Unnamed: 0,Label,SMS,0,00,000,000pes,008704050406,0089,01223585334,02,...,zindgi,zoe,zogtorius,zouk,zyada,é,ú1,ü,〨ud,鈥
0,ham,"[yep, by, the, pretty, sculpture]",0,0,0,0,0,0,0,0,...,0,0,0,0,0,0,0,0,0,0
1,ham,"[yes, princess, are, you, going, to, make, me,...",0,0,0,0,0,0,0,0,...,0,0,0,0,0,0,0,0,0,0
2,ham,"[welp, apparently, he, retired]",0,0,0,0,0,0,0,0,...,0,0,0,0,0,0,0,0,0,0


In [22]:
p_spam, p_ham = training_sms["Label"].value_counts(normalize=True)

n_spam = training_sms[training_sms["Label"] == "spam"]["SMS"].str.len().sum()

n_ham = training_sms[training_sms["Label"] == "ham"]["SMS"].str.len().sum()

n_vocabulary = len(vocabulary)

alpha = 1

In [23]:
p_w_spam = {unique_word : 0 for unique_word in vocabulary}
p_w_ham = {unique_word : 0 for unique_word in vocabulary}

In [24]:
spam_sms = training_sms[training_sms["Label"] == "spam"]
ham_sms = training_sms[training_sms["Label"] == "ham"]

In [25]:
for word in vocabulary:
    n_word_spam = spam_sms[word].sum()
    numerator = n_word_spam + alpha
    denominator = n_spam + (alpha*n_vocabulary)
    p_word_spam = numerator / denominator
    p_w_spam[word] = p_word_spam

In [26]:
for word in vocabulary:
    n_word_ham = ham_sms[word].sum()
    numerator = n_word_ham + alpha
    denominator = n_ham + (alpha*n_vocabulary)
    p_word_ham = numerator / denominator
    p_w_ham[word] = p_word_ham

In [40]:
import re

def classify(message):
    message = re.sub("\W", " ", message)
    message = message.lower()
    message = message.split()
    
    p_spam_given_message = p_spam
    p_ham_given_message = p_ham
    
    for word in message:
        if word in p_w_spam:
            p_spam_given_message *= p_w_spam[word]
        if word in p_w_ham:
            p_ham_given_message *= p_w_ham[word]
    
    if p_spam_given_message > p_ham_given_message:
        return "spam"
    elif p_ham_given_message > p_spam_given_message:
        return "ham"
    else:
        return "Needs human classification"

In [41]:
classify('WINNER!! This is the secret code to unlock the money: C3421.')

'spam'

In [42]:
classify("Sounds good, Tom, then see u there")

'ham'

In [45]:
test_sms["predicted"] = test_sms["SMS"].apply(classify)
test_sms.head()

A value is trying to be set on a copy of a slice from a DataFrame.
Try using .loc[row_indexer,col_indexer] = value instead

See the caveats in the documentation: http://pandas.pydata.org/pandas-docs/stable/indexing.html#indexing-view-versus-copy
  if __name__ == '__main__':


Unnamed: 0,Label,SMS,predicted
0,ham,Later i guess.
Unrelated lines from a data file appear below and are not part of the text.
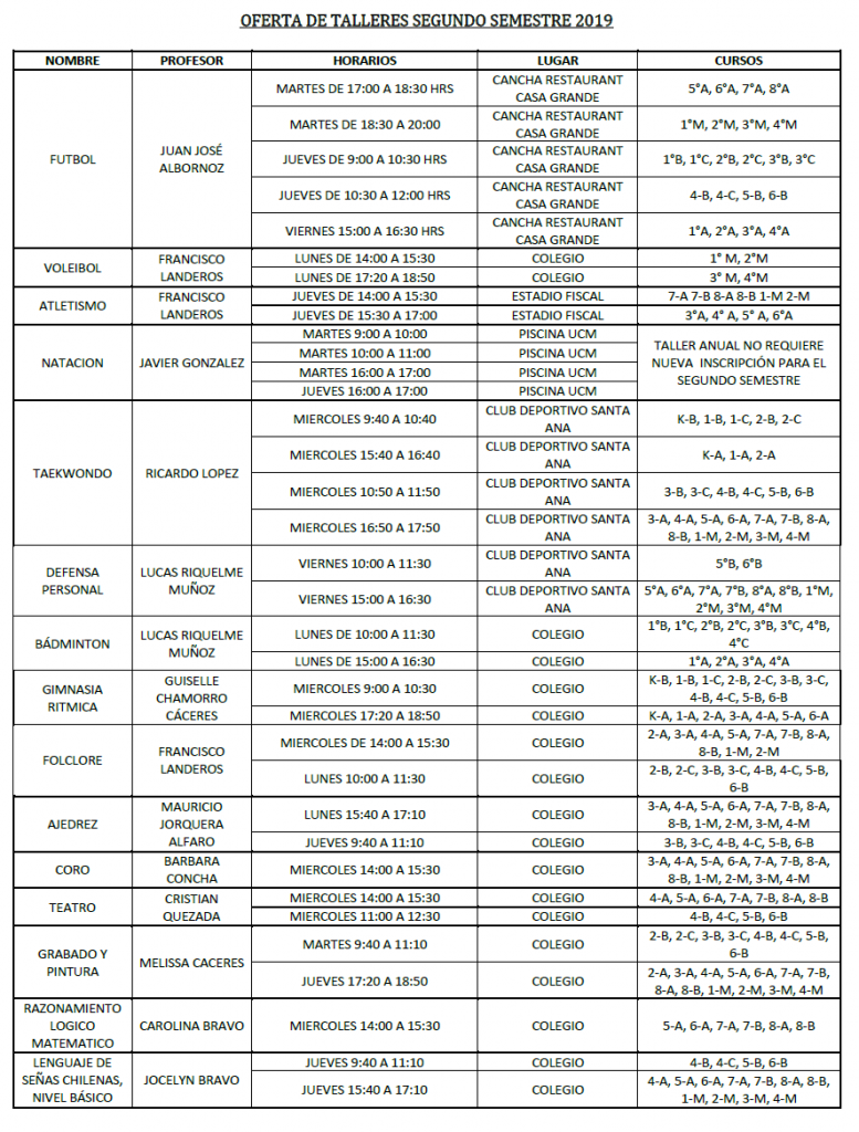 La inscripción se efectuará desde el 31 de Julio al 4 de agosto 2019. Posterior a este periodo debe realizarla en recepción del colegio con la Sra. Lorena, siempre y cuando exista cupo en el taller escogido.
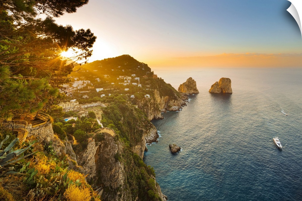 <p>Italy, Campania, Mediterranean sea, Tyrrhenian sea, Tyrrhenian coast, Napoli district, Capri, Punta Tragara, Belvedere, Faraglioni</p>
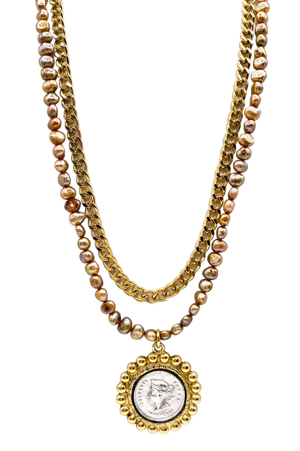 Introducing the Jordan Necklace: a stunning Baroque Pearl Necklace with a coin pendant and a Chain Necklace. Perfect for the modern woman who exudes sophistication and elegance! This exquisite piece will give you an effortless yet sophisticated look that will take your style to the next level.
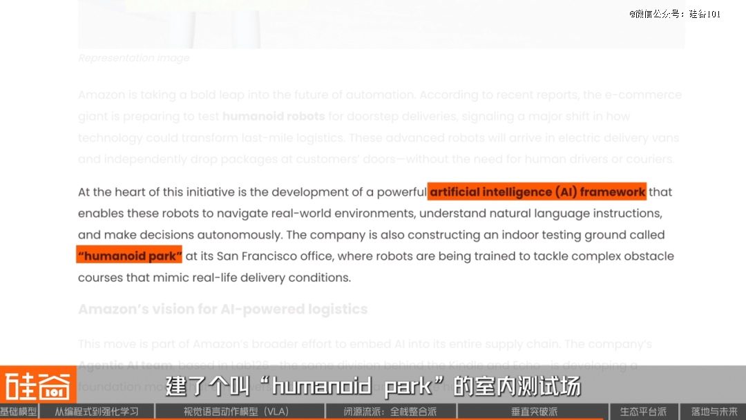 但这100万台机器人,全都是专用机器人,针对具体场景优化:Hercules能搬运1250磅货物,Pegasus用于包裹分拣、运输,但亚马逊的野心不止于此。他们的Agentic AI团队正在开发通用机器人基础模型,还在旧金山办公室建了个叫“humanoid park”的室内测试场,训练人形机器人应对复杂障碍。
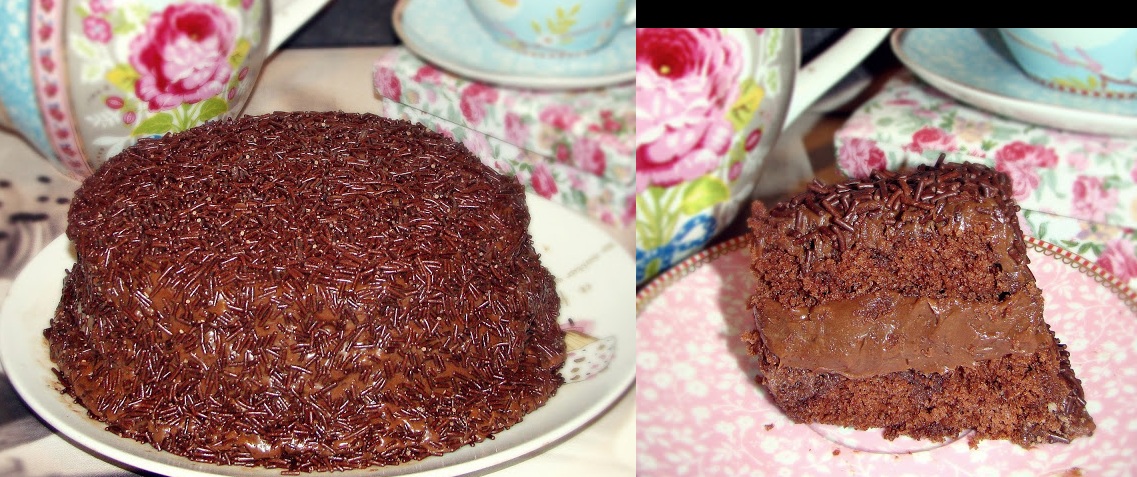 Coloque metade do bolo sobre um prato, fure-o com auxílio de um garfo e molhe-o com a calda. Recheie o bolo com a metade do recheio. Coloque a outra metade do bolo por cima do recheio e molhe-o com a calda. Cubra o bolo com o restante do recheio e, por último, enfeite-o com bastante chocolate granulado.
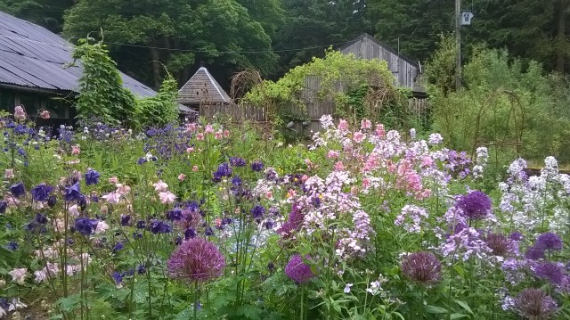 We don’t weed too enthusiastically here either, as visitors will know, especially at this time of year. Bare soils in the winter mean that nutrients get leached out of the soil by the winter rains. A covering of weeds is preferable in my view to bare soil. Self-seeding foxgloves, aquilegias’ and sweet rocket, for example, are left in the veg beds to be transplanted in the Spring to where we can enjoy them flowering.
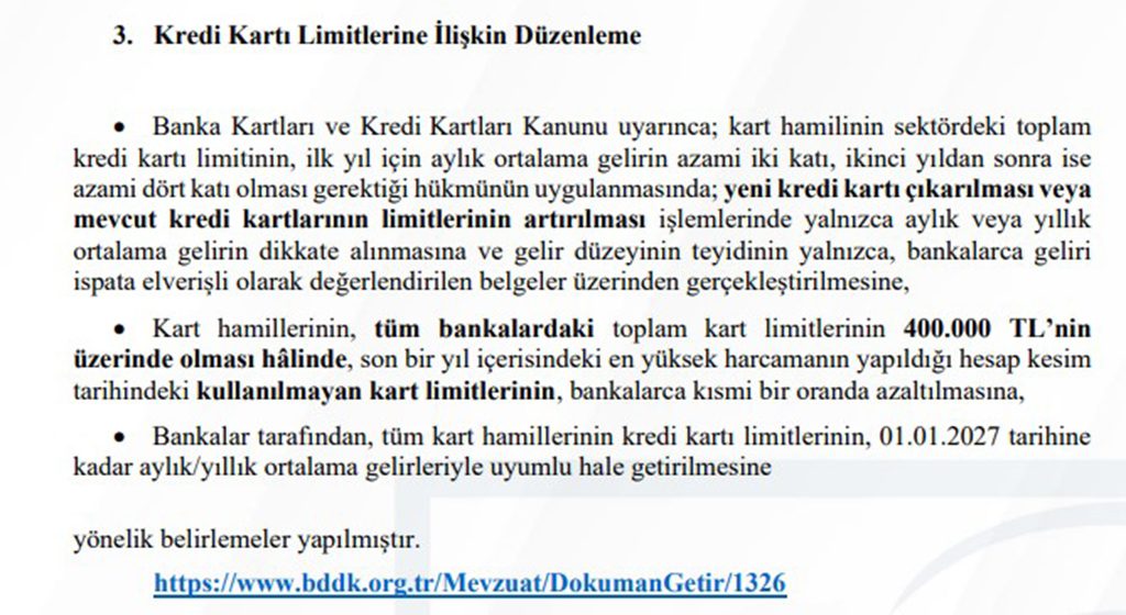 Bankalar tarafından, tüm kart hamillerinin kredi kartı limitlerinin, 01.01.2027 tarihine kadar aylık/yıllık ortalama gelirleriyle uyumlu hale getirilmesine yönelik belirlemeler yapılmıştır.”
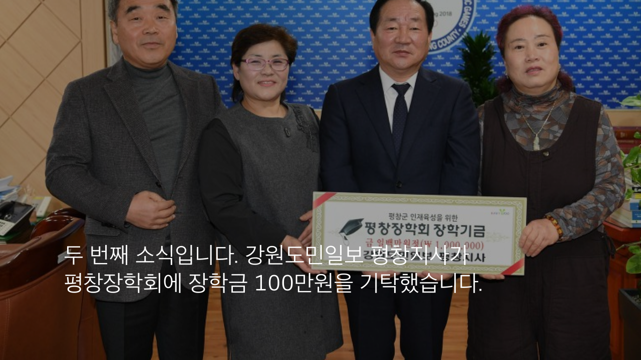 두 번째 소식입니다. 강원도민일보 평창지사가 평창장학회에 장학금 100만원을 기탁했습니다.
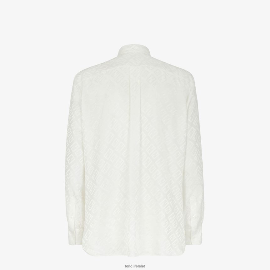 Regular-fit shirt with Italian-style collar. Concealed closure with buttons. Made of pearl white silk with all-over FF Baguette motif.
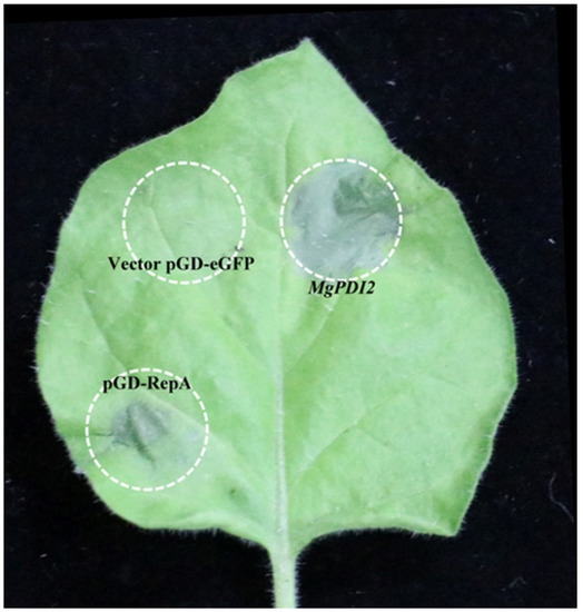 Transient expression of MgPDI2 induces cell death in N. benthamiana. Infiltration of Agrobacterium tumefaciens strain EHA 105 carrying a MgPDI2 expression construct into leaves of 6-week-old N. benthamiana plants. Empty pGD-eGFP vector was used as a negative control, while pGD-RepA was used as a positive control.
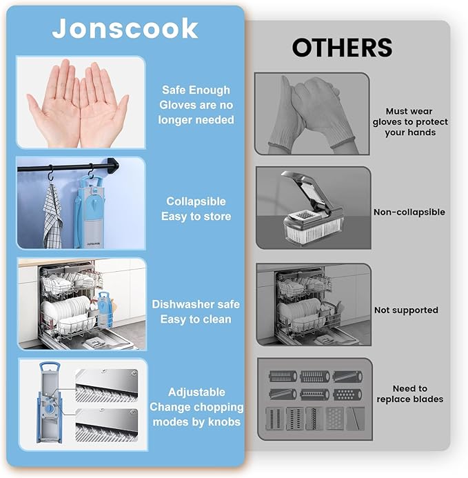 - 【Safe Vegetable Chopper】 - Protect Your Hands - Our Jonscook mandoline food slicer is designed with built-in blades. No contact with blades, which is safer that other slicers that need to change different blades. No need to wear the troublesome safety gloves. Safe and convenient, suitable for the elderly and children.
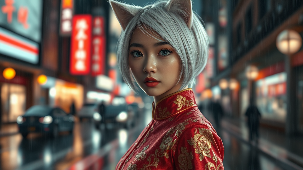 A breathtaking scene set in a dark, rainy city captures a petite cat girl with stunning white hair and olive skin. Her mesmerizing eyes gaze through cinematic lighting that accentuates the hyperrealism of the setting. She wears a beautifully intricate red and gold qipao, its traditional patterns shimmering in the gentle rain. The fabric hugs her toned silhouette, highlighting her petite frame and small breasts, while her short, wispy white hair frames her delicate features. The depth of field focuses on her in the bustling city, reflections of neon lights dancing around her. Each droplet of rain adds texture to the stunning environment, creating an 8k UHD photograph that captures the quiet strength and elegance of this charming, ethereal figure.
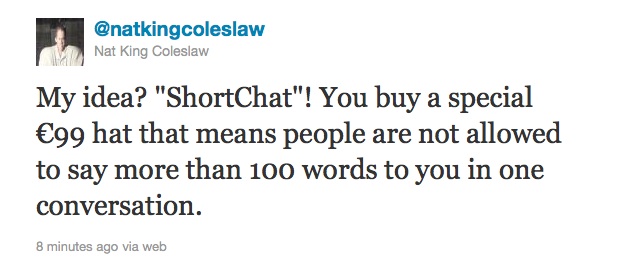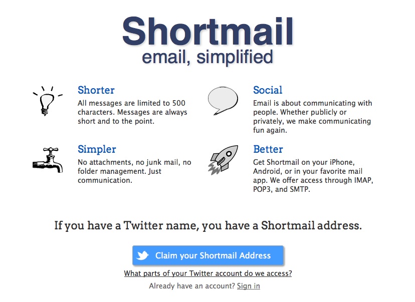 500 Characters, You Say? Admin at 2:37 pm July 4, 2011 Shortmail. Longer than Twitter, shorter than email. Hmmm. Shortmail Meanwhile, Nat has had a thought: FacebookTwitterPinterestSponsored Link

I needa do mcat study too.,ham
1,ham,But i haf enuff space got like 4 mb...,ham
2,spam,Had your mobile 10 mths? Update to latest Oran...,spam
3,ham,All sounds good. Fingers . Makes it difficult ...,ham
4,ham,"All done, all handed in. Don't know if mega sh...",ham


In [53]:
correct = (test_sms["Label"] == test_sms["predicted"]).sum()
total = len(test_sms)

In [67]:
accuracy = correct/total
print('Correct:', correct)
print('Incorrect:', total-correct)
print('Accuracy:', accuracy*100)

Correct: 1061
Incorrect: 53
Accuracy: 95.2423698384201


# Conclusions

In this project, we managed to build a spam filter for SMS messages using the multinomial Naive Bayes algorithm. The filter had an accuracy of **95.24%** on the test set, which is an excellent result. We initially aimed for an accuracy of over 80%, but we managed to do way better than that.